While detailed guidance and work on EU AI sandboxes is in progress, it is expected that there will be some level of cross-border collaboration stemming from the implementation of the sandbox provision within the EU AI Act. To support AI excellence from the lab to the market, the European Union has set up Testing and Experimentation Facilities (TEFs) for AI. Arguably somewhat similar to “operational sandboxes” TEFs are expected to contribute to the implementation of the AI Act by supporting regulatory sandboxes in cooperation with competent national authorities for supervised testing and experimentation. In the context of TEFs and regulatory sandboxes some have questioned: How to deal with testing of AI innovations in multiple member states? How to transfer the lessons learned from one national testing site to another national testing site? How to easily replicate tests and experiments in different European countries? In the case of the cross-border sandbox efforts, it remains unclear how many countries are to be included in these cross-border efforts and what sectors or issues these sandboxes will cover.

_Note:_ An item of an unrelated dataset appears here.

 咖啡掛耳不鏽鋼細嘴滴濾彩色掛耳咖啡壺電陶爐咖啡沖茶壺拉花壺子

  1. Coherence across EU member states

The inherently global nature of AI, characterized by technology inputs and outputs frequently crossing national borders, complicates regulatory oversight by any single national sandbox operator. Additionally, AI cannot be regulated from a single perspective, given the multiplicity of involved regulators, its broad pool of training data and interconnected applications. In the case of the EU AI Act the need for cross-country coordination among sandbox initiatives will be important. This coordination will also be important across sectors like health, finance, and energy. From a business perspective, when a company passes through one sandbox, how will their learnings be transposed to activities in other EU countries? How to harmonize the different processes for sandboxes in terms of scope and procedures across the EU? Will AI regulatory sandboxes include scope for testing compliance with other EU legislations such as the GDPR, and as some have explored, the Cyber Resilience Act? How are national and local sandboxes going to share learnings and coordinate and which regulators will be most involved? are other emerging questions.

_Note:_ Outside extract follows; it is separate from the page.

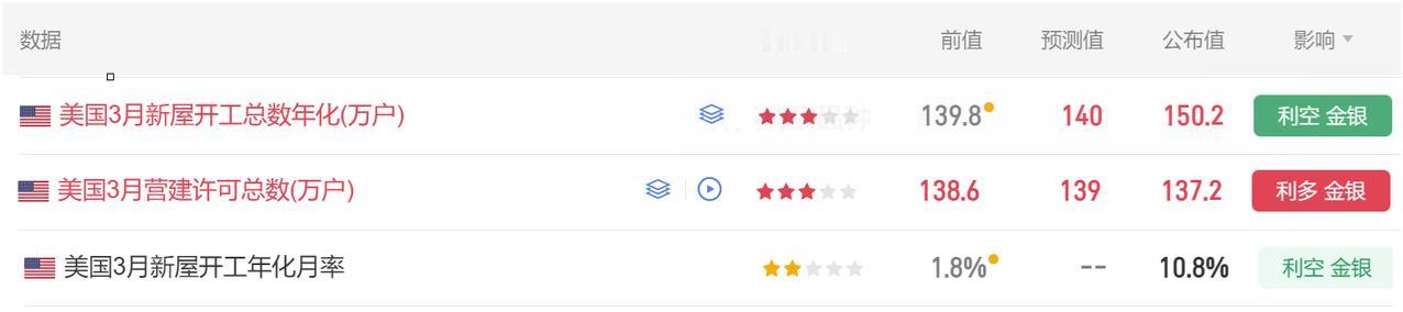 今晚多项美国经济数据公布。 首先美国3月新屋开工总数年化 150.2万户, 为2024年12月以来新高; 市场预期140万户,前值148.7万户。 其次美国3月营建许可总数 137.2万户, 市场预期139万户,前值138.6万户。 最后美国3月营建许可月率 -10.8%,前值-4.70%。 这三项数据有两项是利空金价的, 数据公布以后, 国际金价回落十几美元。

  1. Timing and scope of sandboxes 

There can be sandboxes at different stages of the AI innovation pipeline. The EU AI Continental Plan lists various layers and goals including: computing infrastructure, high-quality data and development of AI algorithms and leverage their adoption in the EU’s strategic sectors. The ways in which sandboxes could be used to support these goals are worth considering. As research by the Datasphere Initiative shows, sandboxes are not only a tool that can help foster regulatory compliance, but also have operational and hybrid functionalities. What is more, with the speed of innovation, how will sandboxes be able to test technologies that are already on the market but evolving at speed, such as AI connected wearables? What is the capacity of a regulatory sandbox to test large language models? Are sandboxes going to be ongoing and as iterative as the AI products and services themselves? 

Looking ahead

Mostly government to government or government to business affairs, sandboxes can often lack the inputs of civil society. While efforts exist to facilitate dialogue among countries on establishing their own sandboxes, there remains a notable lack of cross-country collaboration within the sandbox initiatives themselves worldwide. 

Research from the Datasphere Initiative has pointed to the lack of information about sandbox experiences as well as the lack of transparency regarding sandboxes’ results, impact, challenges, and best practices. Many regulators are also going to need training and new capacities to support their work in the AI era. This underscores the urgent need to promote cross-regional, cross-sectoral and cross-jurisdictional knowledge sharing to ensure that lessons learned truly enrich sandbox evolution. As European countries look to leverage sandboxes in the AI era, we need to be ready to learn together.